WAVES AND WATERFALLS


  • Photographer
    JAY MARK JOHNSON
  • Prize
    Special Photographer Of the Year
  • Company/Studios
    Jay Mark Johnson
  • Date of Photograph
    2007 - 2012
  • Technical Info
    Digital slit scan photography

As with my two other submitted series--CARBON DATING and TRAINS AND TRESTLES--all of the images in this group are true left-to-right timeline photographs. These are ongoing projects. Locations for these images include the coast lines of Alaska, California, Florida, Louisiana and Oregon as well as those of southern England, of Cozumel Mexico, New South Wales, Australia, and the Big Island of Hawaii.

Story

All of the photographs in these series are timelines.

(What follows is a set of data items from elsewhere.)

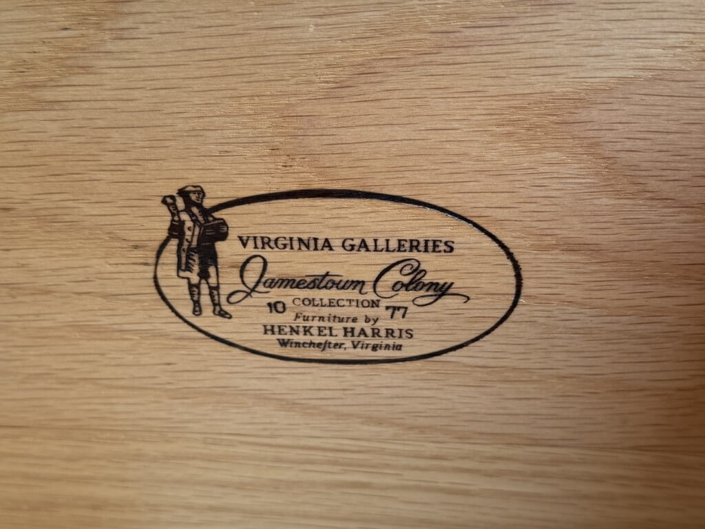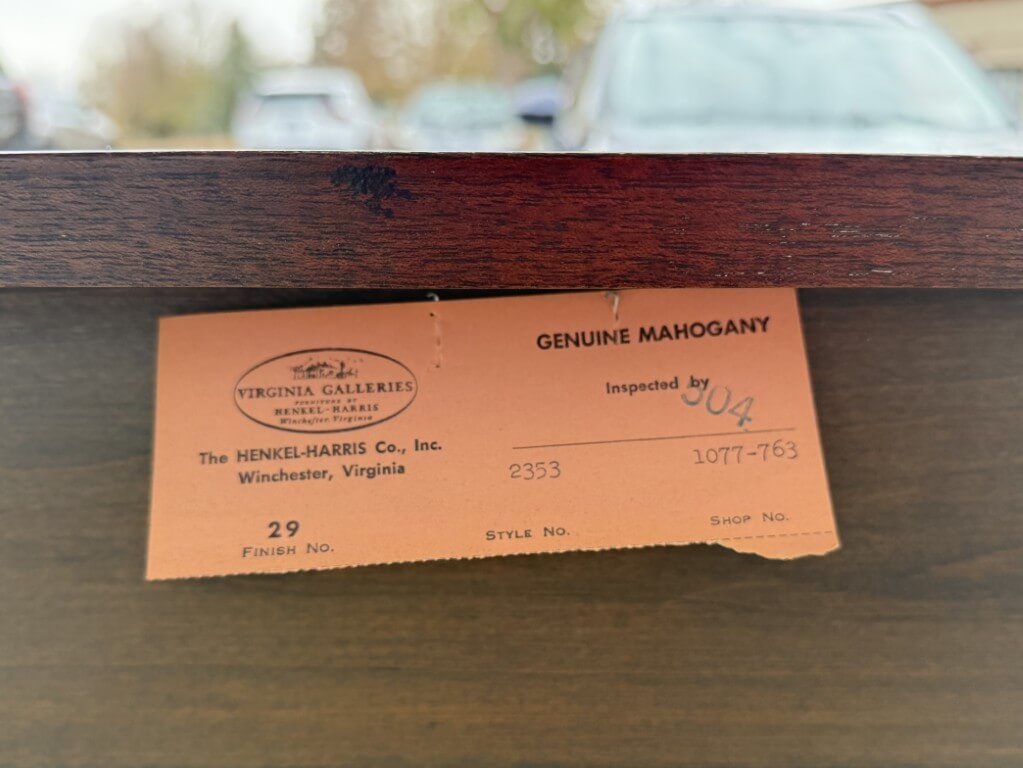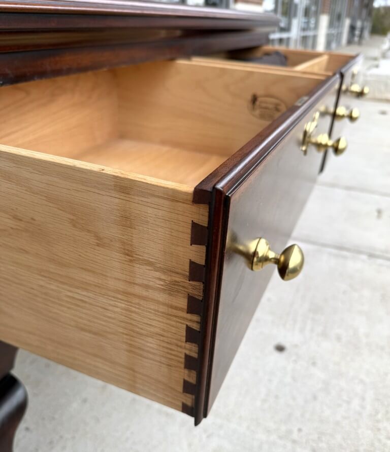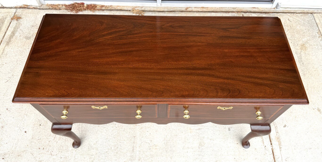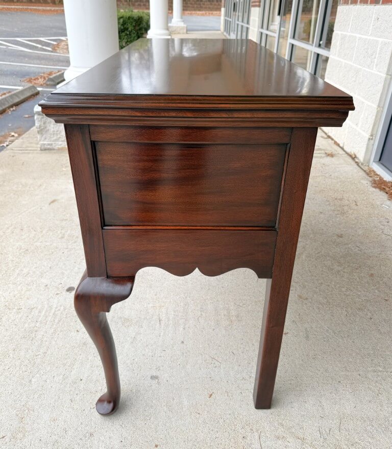 This Henkel Harris Mahogany Jamestown Colony Buffet is adapted from a mid-18th-century English antique and features a rich mahogany finish, Queen Anne legs, and authentically reproduced brass hardware. Its scalloped apron and thoughtfully proportioned two-drawer configuration offer timeless elegance and functional storage for today’s home. Henkel Harris is renowned for its meticulous craftsmanship, American-made heritage, and use of premium solid woods, making their pieces highly sought after by collectors. A cleverly concealed secret compartment hidden between the drawers provides a discreet place to safeguard valuables.
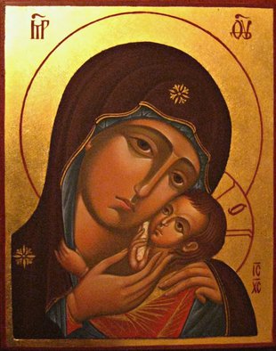 Это небольшой образ, написанный масляными красками на холсте, наклеенном на доску. Владычица и Богомладенец изображены только по верхнюю часть груди. Богоматерь со скорбными очами прижимает к щеке Своей Младенца Христа, придерживая голову Его обеими руками. Прильнув к Пречистой, Младенец левой рукой схватился за плат, покрывающий главу Приснодевы, в правой Он держит свиток.
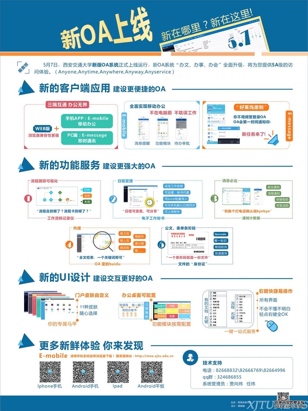 Web版新增文件身份证、日程提醒、全文检索、右键提交等功能模块,电脑客户端下载5月7日,西安交通大学新OA体例正式上线。本次新OA体例同时推出Web版(网页版)、Emessage(电脑端行使)和Emobile(手机端行使)三大平台体例,正在升级改版老OA体例的条件下,拓展挪动办公能效。Web版新增文献身份证、日程指示、全文检索、右键提交等效用模块,让文献阅办特别高效;Emessage可竣工音问指示、即时通信、音问必达、音信共享等群组效用,让文献流转督办更为便捷;Emobile行为挪动办公的紧要载体,和Web版、Emessage坚持及时同步,完善配适挪动审批、音问指示、文献盘查、日程同步、邮件收发等挪动办公需求,让挪动办公体验更为舒畅。新OA体例扫数简化“办文、工作、办会”操作流程,满意广漠教职工随时、随地、随心、全方位、众渠道的挪动办公需求。
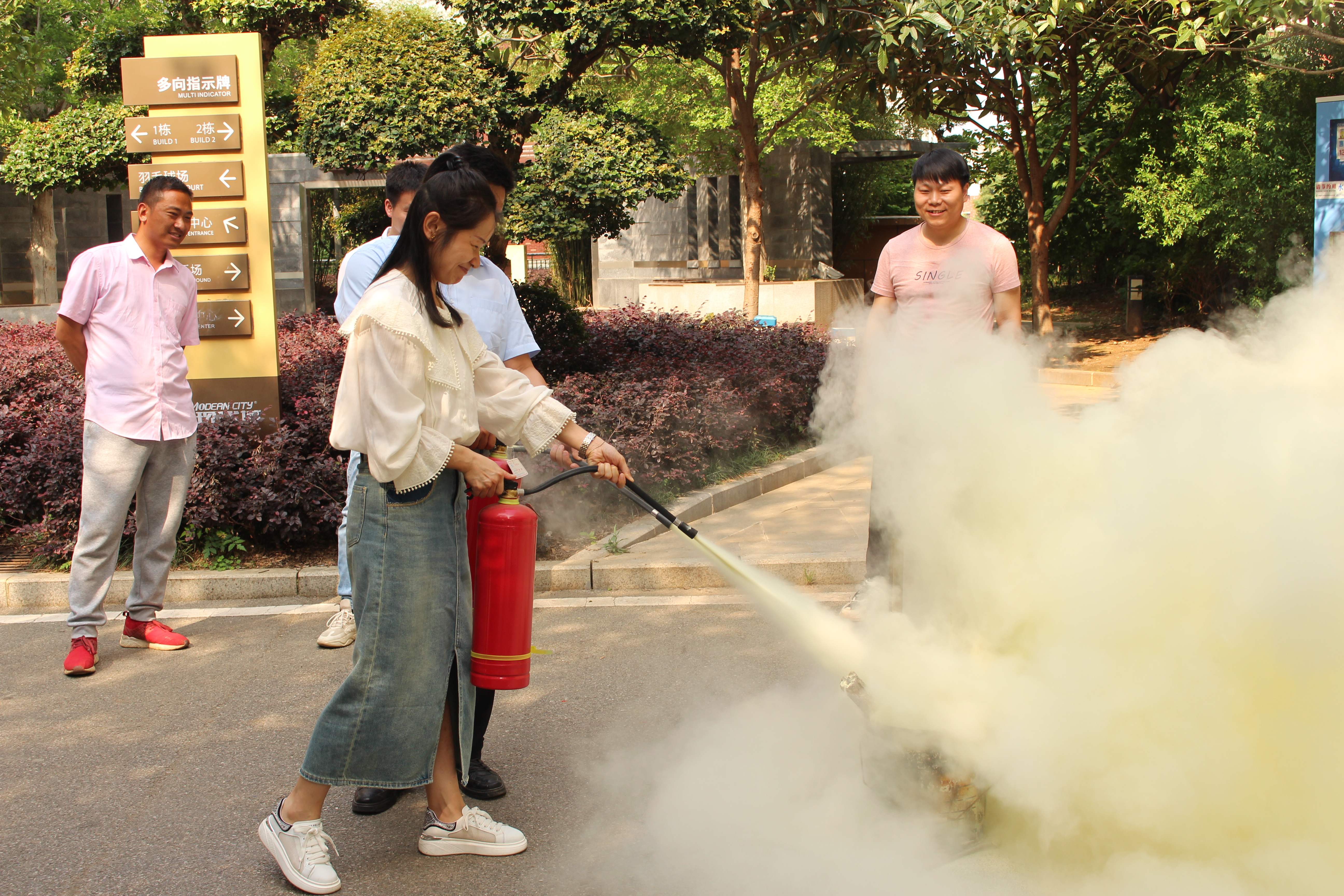 演練順利結(jié)束后,工程部安全主管秦春波還為全體員工介紹了滅火器的使用方法,并當(dāng)場演示了滅火器“提、拔、握、壓”的操作流程,讓員工以實戰(zhàn)方式參與,使在場人員更直觀地掌握相關(guān)知識。
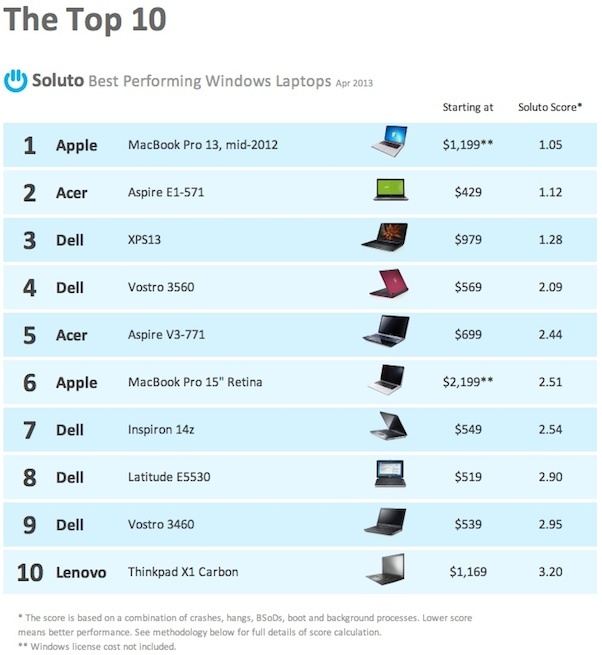 — израильская сервисная компания, предоставляющая возможность управления компьютерами удаленно на базе облачного сервиса, следила за работой 150 тысяч ноутбуков на протяжении трех месяцев. В ходе исследования учитывались такие показатели, как скорость загрузки при включении, количество фоновых процессов, «зависаний» системы и отказов приложений. Окончательный вердикт оказался довольно неожиданным — MacBook Pro был назван «наиболее эффективным» ноутбуком для работы с Windows.
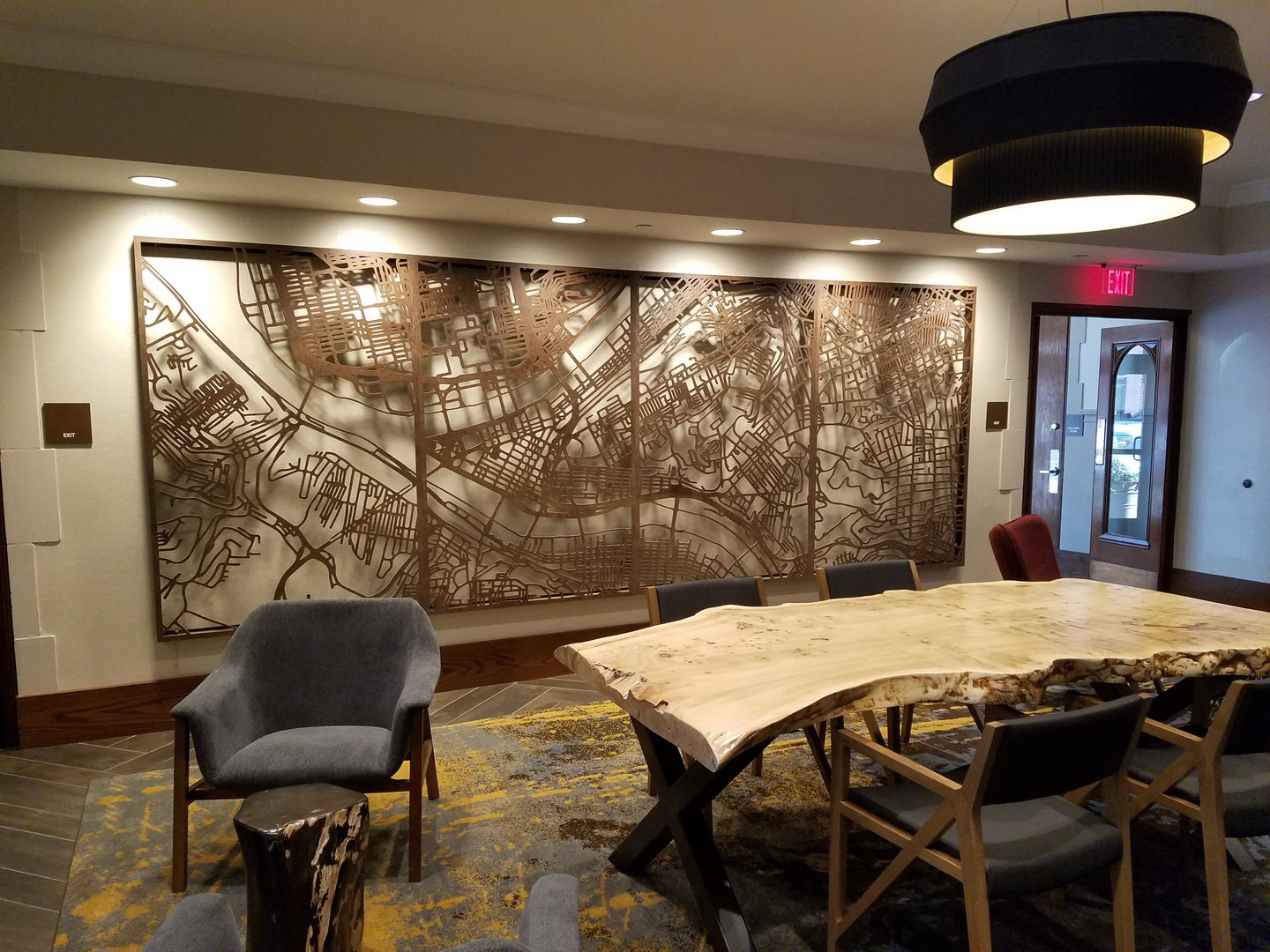 Its in downtown pittsburgh within walking distance of most things the atmosphere in the terrace room is gorgeous the artwork and setting matches that of the hotel.
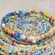 ▲以永续环保的概念为主,使用回收的糖果纸及饼干袋,经由手的温度,编织美丽的色彩风景,独特的自然触感
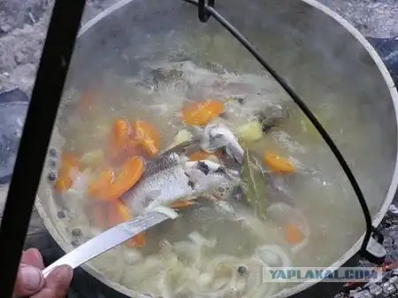 Приготовление ухи завершается вливанием в котелок рюмки водки и опусканием в него тлеющей головёшки.
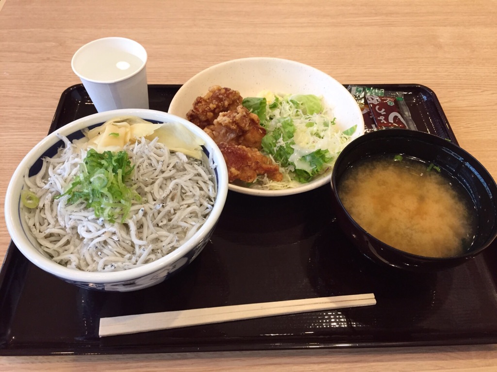 シラス丼はたくさんシラスがのっています。しらすはスッと溶けるくらいふわふわしたかんじが良かったです。生姜と醤油もあるのでお好みでどうぞ。みそ汁と鶏のからあげも付いてくるので結構ボリューム満点な定食でした。
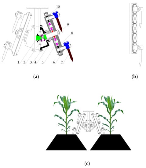 - Hu, H.; Li, H.; Wang, Q.; He, J.; Zhang, Y.; Chen, W.; Wang, X. Design and experiment of targeted hole-pricking and deep-application fertilizer applicator between corn rows. Trans. Chin. Soc. Agric. Eng. 2016, 32, 26–35. [Google Scholar]
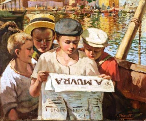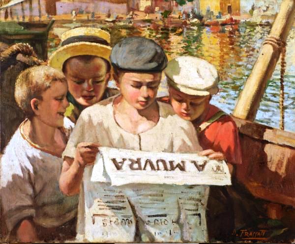 Quatro meninos pescadores no porto de Ajaccio lendo, 1936
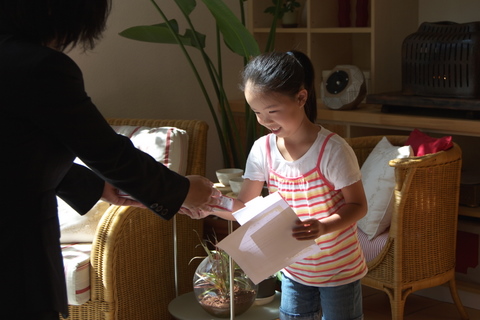 副賞の「食べられる組立式の家」にみなみはにんまりです。
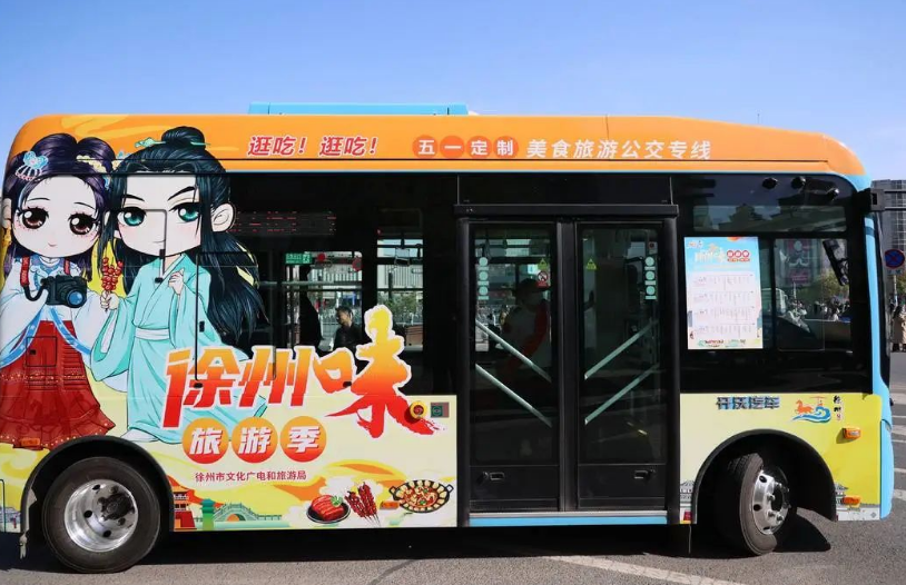 “我就是想來徐州吃美食,這車裝飾得還挺好看的,把徐州的特色美食都貼在車上了,一目了然,讓我們外地游客上車就能了解到徐州美味?!?月30日,在徐州高鐵站公交站,上來了幾個(gè)拿箱子的乘客說道。走進(jìn)“美食徐州”主題車廂,映入眼簾的就是車廂兩側(cè)那讓人垂涎欲滴的徐州特色美食,燒烤、地鍋雞、羊方藏魚、東坡回贈肉、把子肉、饣它湯+八股油條、烙饃卷馓子、辣湯+煎包......各色菜肴在徐州又有了自己別樣的風(fēng)味,承載了特別的感情,游客們可乘坐公交走遍徐州小巷,嘗遍徐州美味。下一步,徐州公交集團(tuán)將繼續(xù)以打造“公交+文旅”品牌線路為契機(jī),推出資源特點(diǎn)突出,服務(wù)特色鮮明的主題車廂,不斷滿足市民差異化出行需求,讓更多的人享受更好的公共出行服務(wù)。徐州公交集團(tuán)相關(guān)負(fù)責(zé)人表示,徐州美景養(yǎng)眼、徐州美食誘人,希望通過旅游美食公交線路,將城區(qū)的點(diǎn)串珠成鏈,打造出一道徐州城市的流動風(fēng)景線,進(jìn)一步推動“交通+美食+旅游”深度融合,擦亮徐州名片。
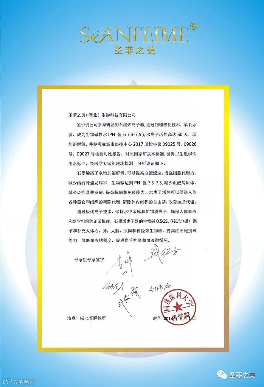 由香港圣菲之美国际健康产业集团研发中心参与研发并改良应用于居家生活和健康产业的石墨烯离子器,经中国同济医科大学医学和药学专家组鉴定,其处理过的水对于改善亚健康和预防医学方面有非常独到的效果。
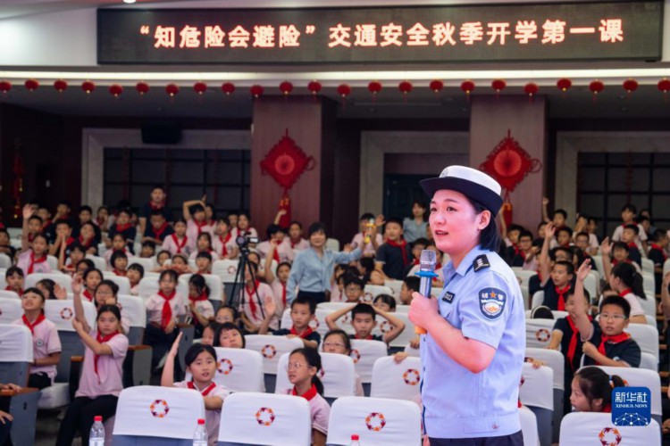 当日,在湖南省长沙市望城区新世博寄宿制小学,长沙市公安局望城分局交警大队开展“知危险会避险”交通安全秋季开学第一课活动。交警与辅警通过现场讲解交通安全知识、演示如何正确佩戴安全头盔、组织开展驾驶员视野盲区户外体验等方式,为学生普及交通安全知识,培养学生的交通安全意识,提高学生的自我防护能力。
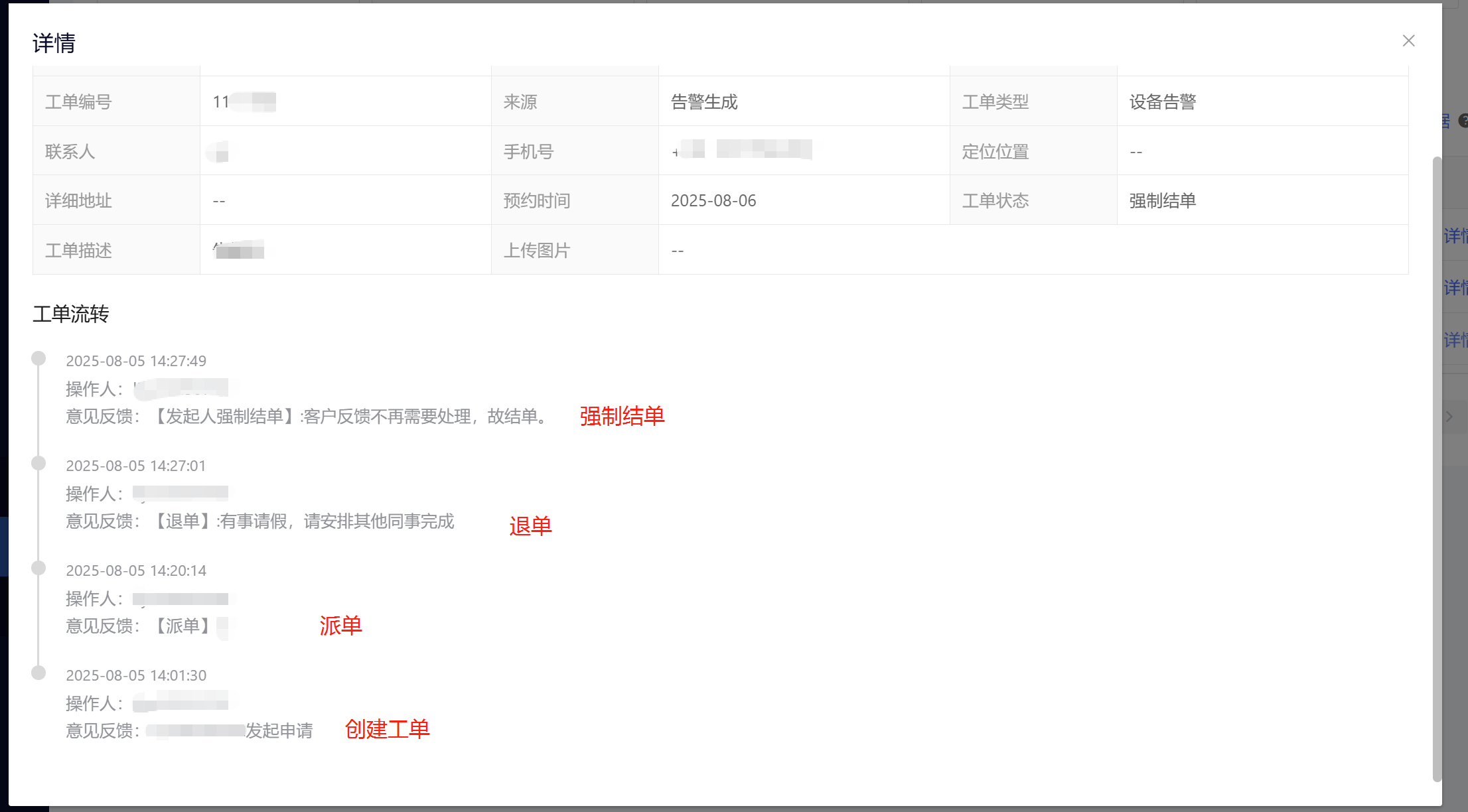 确认派单后,工单详情将增加一条工单派单流转信息,如下图

Produced in camera, the photographs are akin to seismographs and electrocardiograms in that they present a seamless left-to-right depiction of events that occured in front of the camera over a period of time. What appears at the left side happened before what appears on the right. The middle portion of the image represents the continuous, uninterrupted transition between the two ends. By implication, the timeline extends indefinitely off toward the past on the left side and indefinitely off toward the future on the right. Stated in an alternative manner, the “x” axis in these images represents the temporal dimension.

More simply, x = time.


SELECTED FINDINGS

MOTION STUDIES
When subjects move about in front of the camera they tend to be registered as unrecognizable, distended forms. The clearest images are often compared to the temporal distortions in Salvador Dali’s The Persistence Of Memory or the sort of fun mirror convolutions seen in the Distortion series by André Kertész. With practice and with narrowing constraints it is possible to trace moving subjects, bring fluid gestures into clear focus and separate subjects from the surrounding environment.

NARRATIVE STRUCTURE
My Taichi Motion Studies #128 was the first image that registered a single dance move in uninterrupted, narrative form. The left-to-right evolution of the image is akin to the structure of a sentence or a three act play with a recognizable beginning, middle and end. But many of my images have no such linear development. Instead, subjects are captured in an abstract, featureless setting of horizontal lines extending infinitely off to the left and right--no beginning, no development and no end in sight. It is as though the photograph recorded a cross section taken through the middle of the drama, as though a slice had been cut through the middle of the verb.

COLOR BANDING
Because I modify the camera, using it in a manner for which it was not designed, I find some quirks in its operation that I am able to exploit. Under the right circumstances the altered camera is able to register both the diffraction of light as it passes over objects in the environment and the refraction of light as it traverses the curved glass of the lens. It is possible to record a ground plane of dried mud or of dark, grey-brown tree leaves as a prismatic explosion of diffractive light.

OCEAN WAVES
The cyclical patterns of ocean waves breaking along the shore are captured, not as they are seen in an instantaneous snap shot but as they behave over time.